Recorded data:
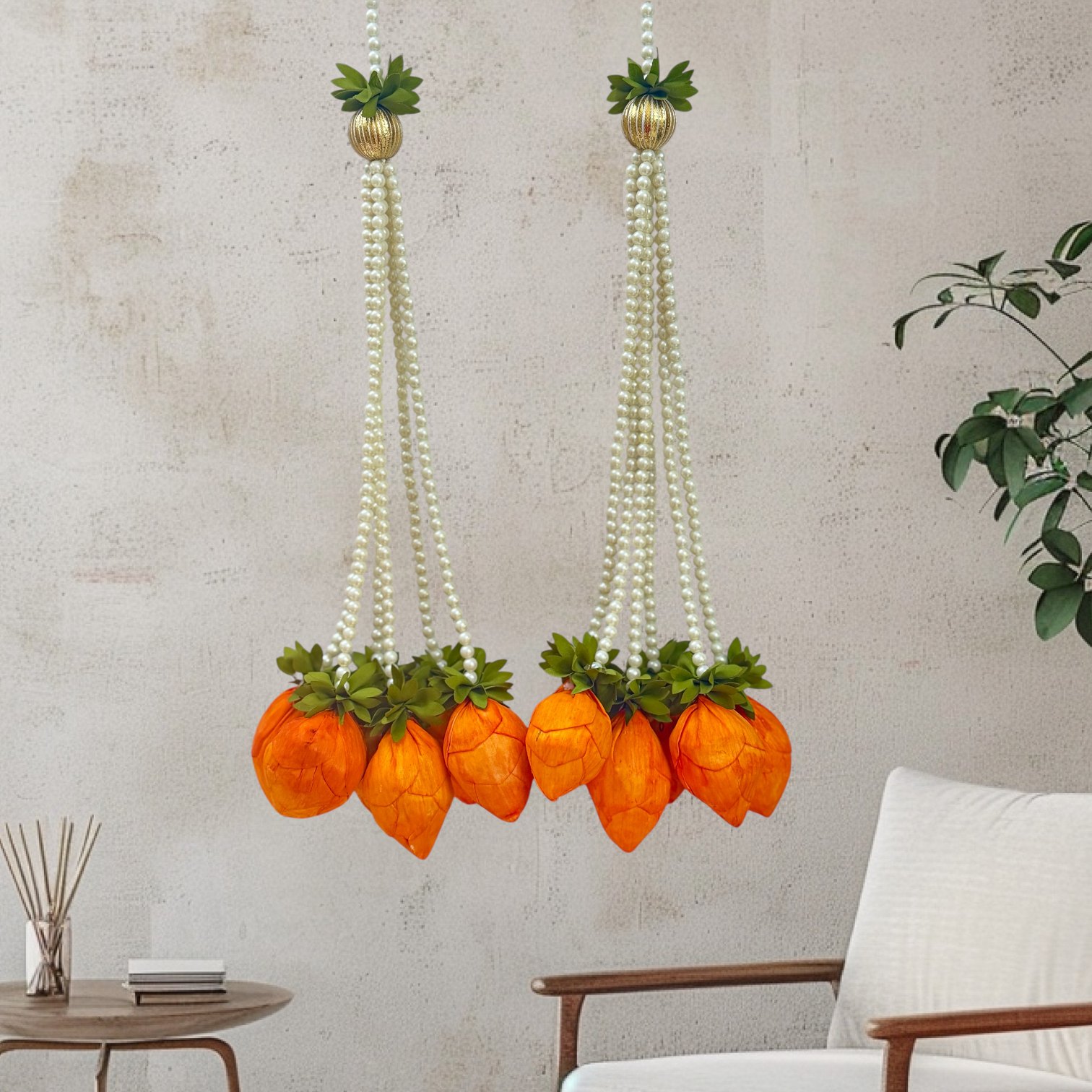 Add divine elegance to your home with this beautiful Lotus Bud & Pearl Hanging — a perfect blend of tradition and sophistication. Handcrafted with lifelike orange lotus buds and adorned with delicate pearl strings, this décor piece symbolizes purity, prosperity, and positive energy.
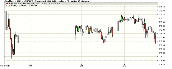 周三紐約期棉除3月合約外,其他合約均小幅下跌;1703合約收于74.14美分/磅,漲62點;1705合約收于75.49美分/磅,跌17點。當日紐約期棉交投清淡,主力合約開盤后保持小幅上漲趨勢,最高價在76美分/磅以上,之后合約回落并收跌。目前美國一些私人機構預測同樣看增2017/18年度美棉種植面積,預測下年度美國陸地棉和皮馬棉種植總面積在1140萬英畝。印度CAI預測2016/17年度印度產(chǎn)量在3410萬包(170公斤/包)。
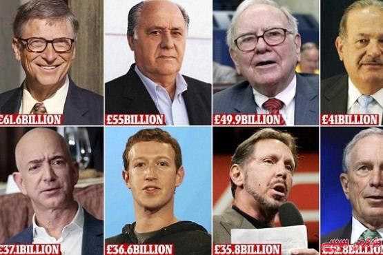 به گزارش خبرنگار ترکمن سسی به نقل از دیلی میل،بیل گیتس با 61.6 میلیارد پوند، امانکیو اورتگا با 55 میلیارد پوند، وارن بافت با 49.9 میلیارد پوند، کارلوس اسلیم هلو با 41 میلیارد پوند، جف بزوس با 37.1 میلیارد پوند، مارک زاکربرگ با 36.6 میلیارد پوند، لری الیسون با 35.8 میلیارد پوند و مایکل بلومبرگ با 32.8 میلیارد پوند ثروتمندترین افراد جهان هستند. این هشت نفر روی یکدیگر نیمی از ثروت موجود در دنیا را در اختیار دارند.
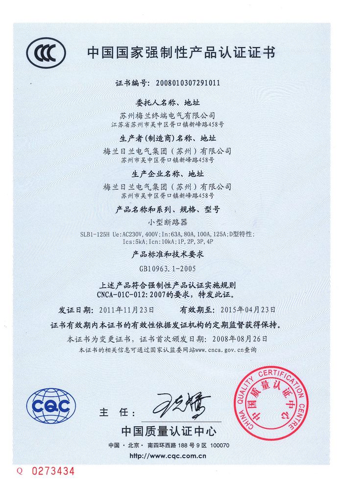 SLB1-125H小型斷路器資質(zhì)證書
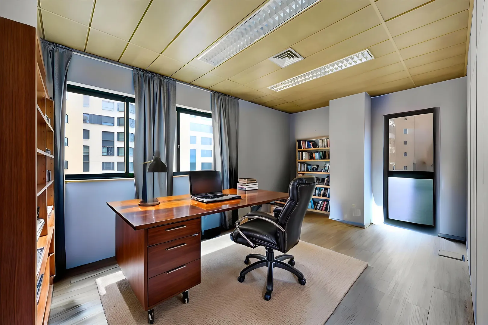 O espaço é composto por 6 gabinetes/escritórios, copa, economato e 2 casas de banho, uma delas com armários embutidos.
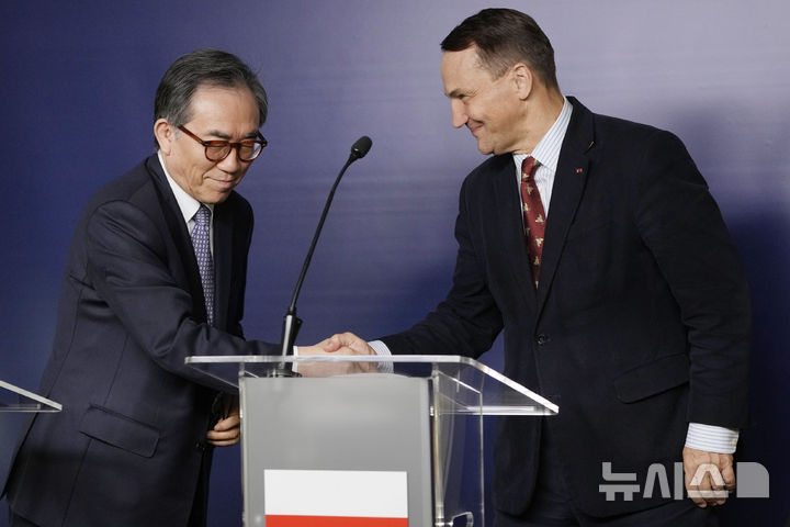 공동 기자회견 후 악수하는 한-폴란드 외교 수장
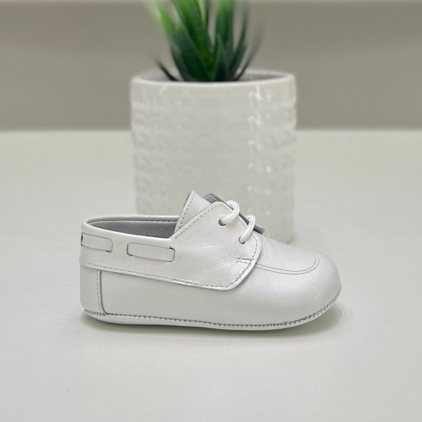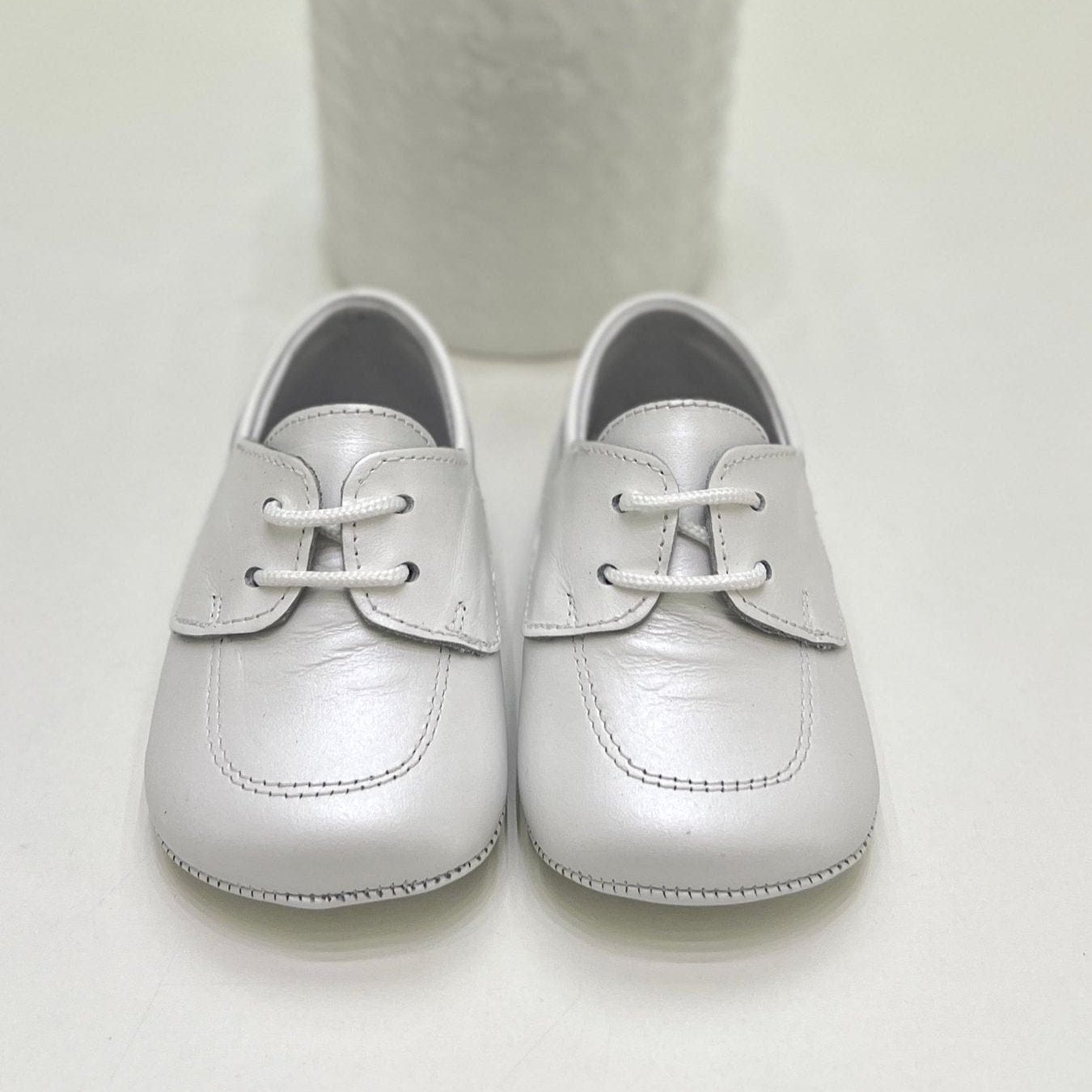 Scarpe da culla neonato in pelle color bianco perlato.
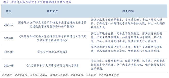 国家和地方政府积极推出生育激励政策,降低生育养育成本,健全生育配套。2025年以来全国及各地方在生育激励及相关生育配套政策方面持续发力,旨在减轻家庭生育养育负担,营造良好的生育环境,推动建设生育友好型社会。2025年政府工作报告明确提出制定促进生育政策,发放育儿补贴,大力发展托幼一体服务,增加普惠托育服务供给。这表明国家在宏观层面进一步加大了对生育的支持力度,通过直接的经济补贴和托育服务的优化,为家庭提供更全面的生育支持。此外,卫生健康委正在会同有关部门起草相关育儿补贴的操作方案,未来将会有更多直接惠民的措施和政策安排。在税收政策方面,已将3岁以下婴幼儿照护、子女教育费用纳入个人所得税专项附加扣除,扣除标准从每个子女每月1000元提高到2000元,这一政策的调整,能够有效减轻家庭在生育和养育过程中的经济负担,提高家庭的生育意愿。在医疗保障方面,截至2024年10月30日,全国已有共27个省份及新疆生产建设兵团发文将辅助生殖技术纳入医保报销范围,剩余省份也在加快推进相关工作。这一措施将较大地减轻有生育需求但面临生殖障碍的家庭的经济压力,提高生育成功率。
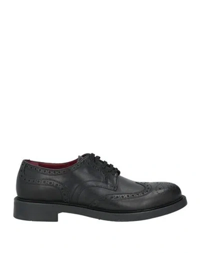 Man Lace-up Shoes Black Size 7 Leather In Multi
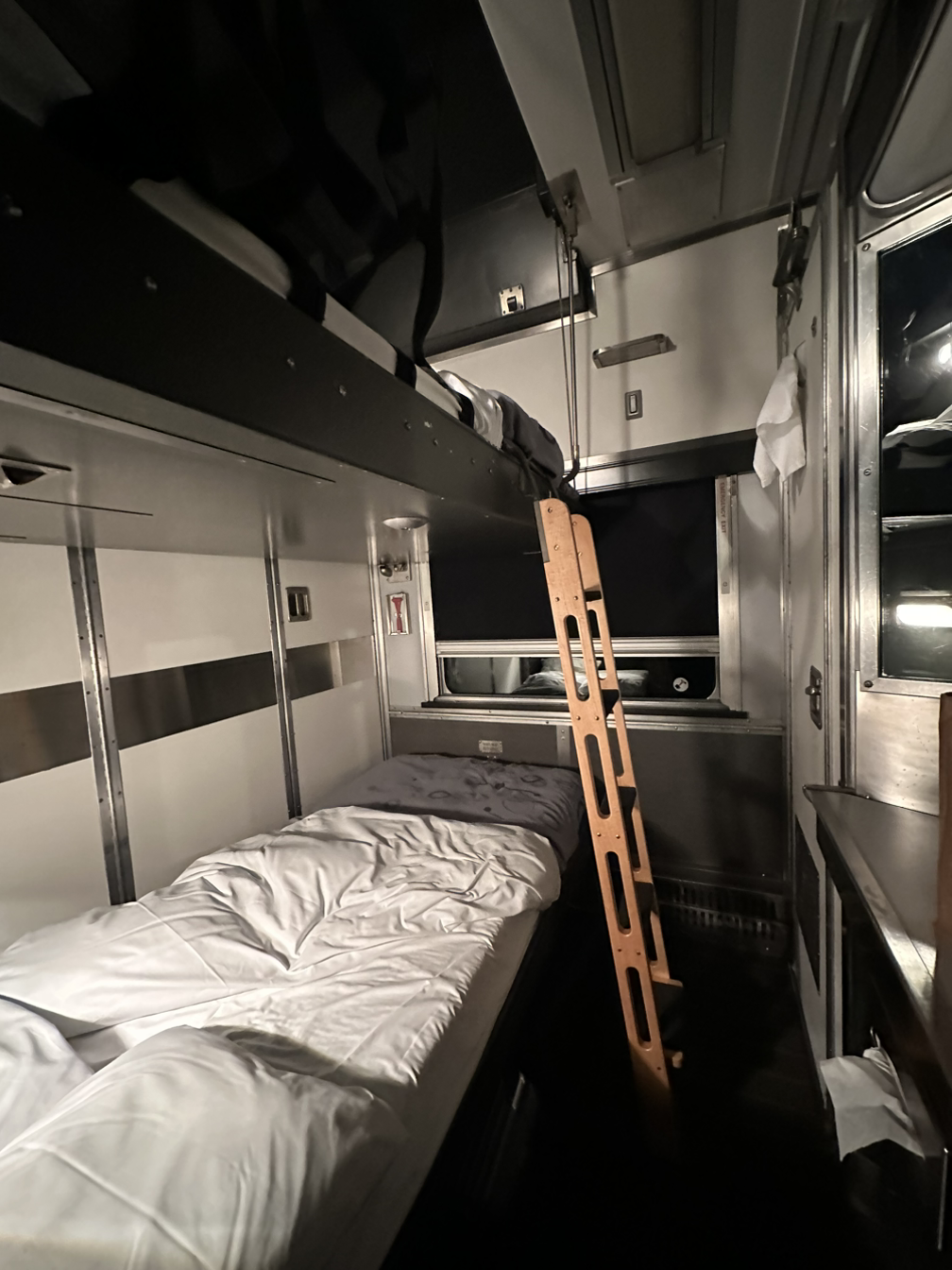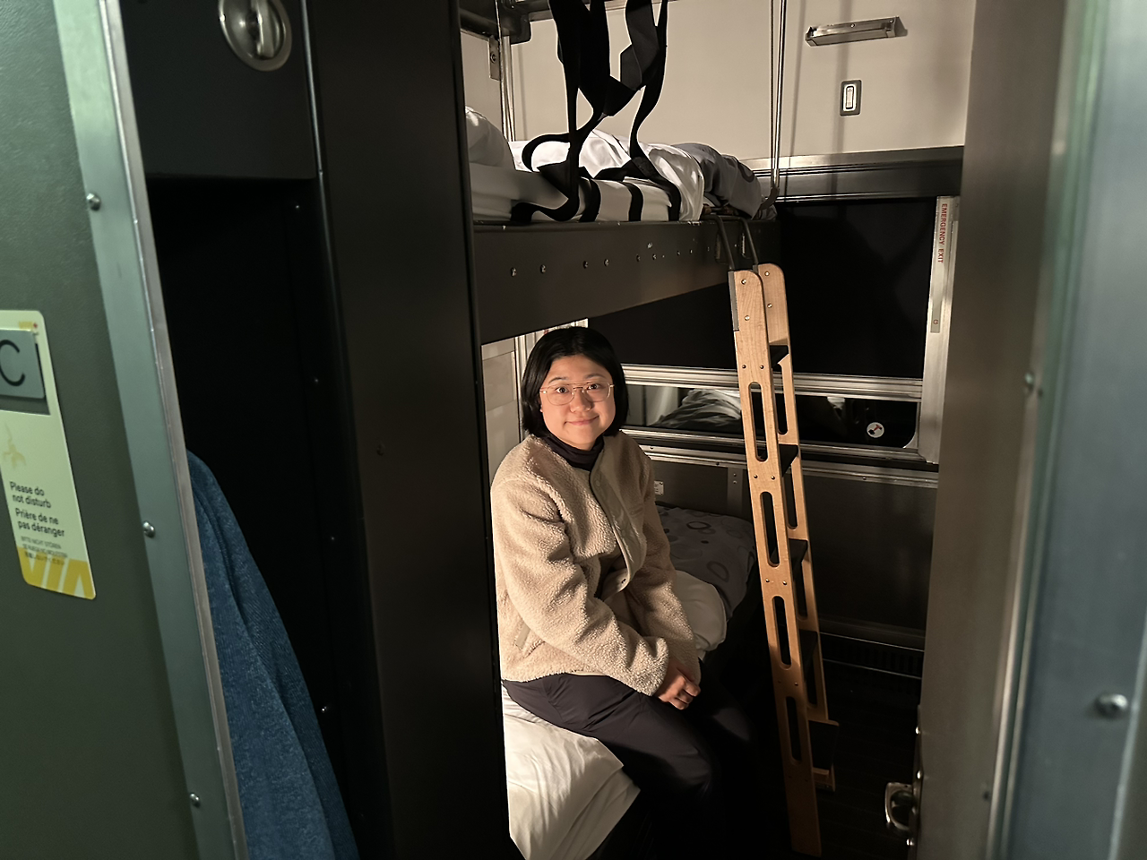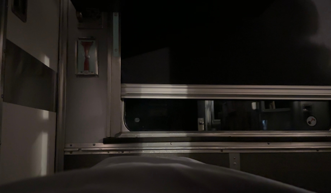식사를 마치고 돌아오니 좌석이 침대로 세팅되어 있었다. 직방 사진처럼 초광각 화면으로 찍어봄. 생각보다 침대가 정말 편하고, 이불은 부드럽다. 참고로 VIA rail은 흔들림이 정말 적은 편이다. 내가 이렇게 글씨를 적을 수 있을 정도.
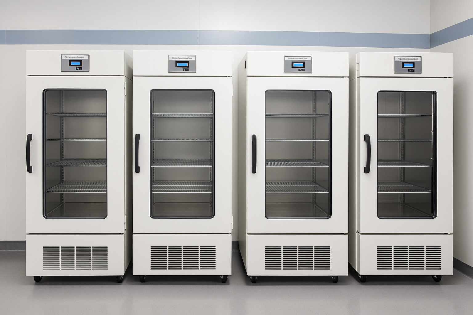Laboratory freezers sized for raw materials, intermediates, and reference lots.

_Exercise objective:_ Write out again exactly the lines above from the one with "O espaço é composto" through the one with "Scarpe da culla", adding no other lines and no pictures.

_Result below:_
 O espaço é composto por 6 gabinetes/escritórios, copa, economato e 2 casas de banho, uma delas com armários embutidos.
 공동 기자회견 후 악수하는 한-폴란드 외교 수장
 Scarpe da culla neonato in pelle color bianco perlato.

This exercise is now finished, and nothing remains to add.